Но вот сканирую, нахожу компы с расшаренными жесткими. Чем расшаривали я не знаю конечно  :Smiley:  может сам, когда использовал dc++, может товарищ помог.
Ладно, на статистике зацикливатся не буду, скорее всего она намного меньше, а мне просто везло на расшаренные компы  :Smiley: 
Подскажите лучше как сообщить тем у кого ресурсы расшарены.

----------


## taloran

> Просто так удалить "стандартные" ресурсы не получится, виндовс будет восстанавливать их при каждой перезагрузке.


Получится, реестр ведь есть. Только не до конца. 
Заодно  обрубить NetBios и всё с ним связанное.




> а получить приватные фотографии, стащить пароли и другую информацию, даже просто подменить картинку на рабочем столе на что-нибудь непотребное тянет многих.


В погоне за подобными  художествами большая их часть сама напорется на то, за что борется  Ботнетам же нужно расширяться за счёт всех, а не только самых неискушённых )))




> Никто не подскажет как можно сообщить о расшаренных ресурсах человеку?
> Вроде надо, а как не знаю, светить себя как-то неохота. Мало кому понравится, что в его данных кто-то рылся.

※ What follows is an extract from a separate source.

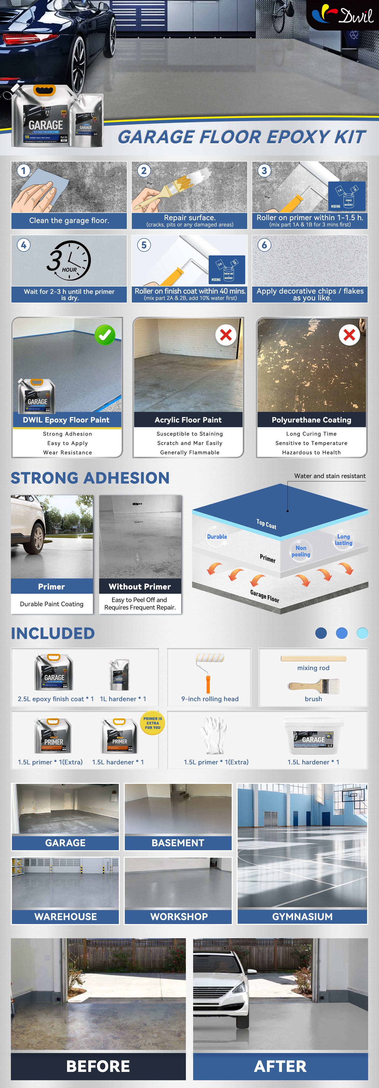 - 【Extra Primer Included】In addition to the water-based garage epoxy floor paint, we include an extra primer for you. The primer enhances adhesion, making the coating more durable and long-lasting. This extra step in the application process makes all the difference, giving you a floor that stands up to wear and tear over time.
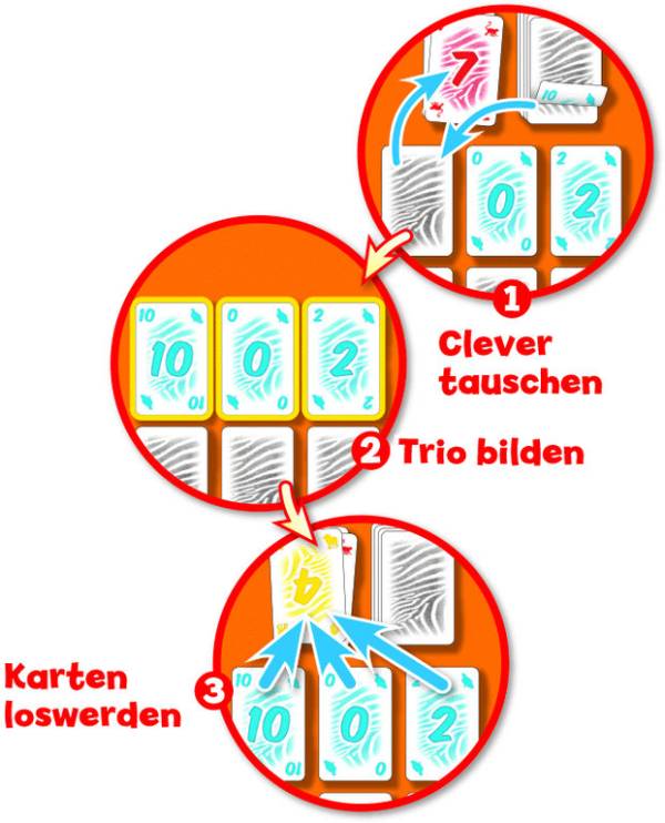 Ordne drei Karten mit gleicher Farbe oder Zahl in deiner Auslage so an, wie Streifen auf einem Zebra sind: längs, quer oder schräg. Dann bilden diese Karten ein Trio und du darfst sie abwerfen.

Угораздило же вас ставить перед собой дилемму, которой не было  Придумайте сказку о злой малваре, сошлитесь на актуальность  со злободневностью и приведите какую-нить статью по  поводу расшаренного 
Ну а там определитесь  уже конкретнее, если будет проявлен встречный интерес...

----------


## GumZoom

Товарищи, а что нужно что бы эти самые общие сетевые ресурсы увидеть по сети. Только что поставил на две машины XP_Sp3 обе нормально работают в расшаренных папках, но C$ открывать не хочет, просит пороль :Sad:  Что можно сделать?

----------


## Torvic99

> XP_Sp3 обе нормально работают в расшаренных папках, но C$ открывать не хочет, просит пороль Что можно сделать?


Это административные шары- нужно быть на удаленном компе с правами админа и пароль не должен быть пустой.

----------


## GumZoom

Так... Поменял настройки в ГП, все ок, все работает, на административные ресурсы я попадаю под логином и парлем администратора. Теперь другая головная боль, после подключения принтера на один из компьютеров, выделил его в общий доступ... После создал на обоих компьютерах ограниченные учетные записи, для пользователей. Принтер не печатает :Sad:  до тех пор пока с отсылающей документ машины не зайду с логином на принимающую документ машину... После этого печать работает... После перезагрузки все возвращается на исходную :Sad:  Как избавиться??? Опять лезть в политики???

----------


## agent_smith

Я может чего то не допонимаю,но не проще всех этих выше приведенных манипуляций с командной строкой,просто в управлении службами отключить службу "сервер",тем самым блокируя все расшареные пути.Ну или любителям командной строки "net stop server"

----------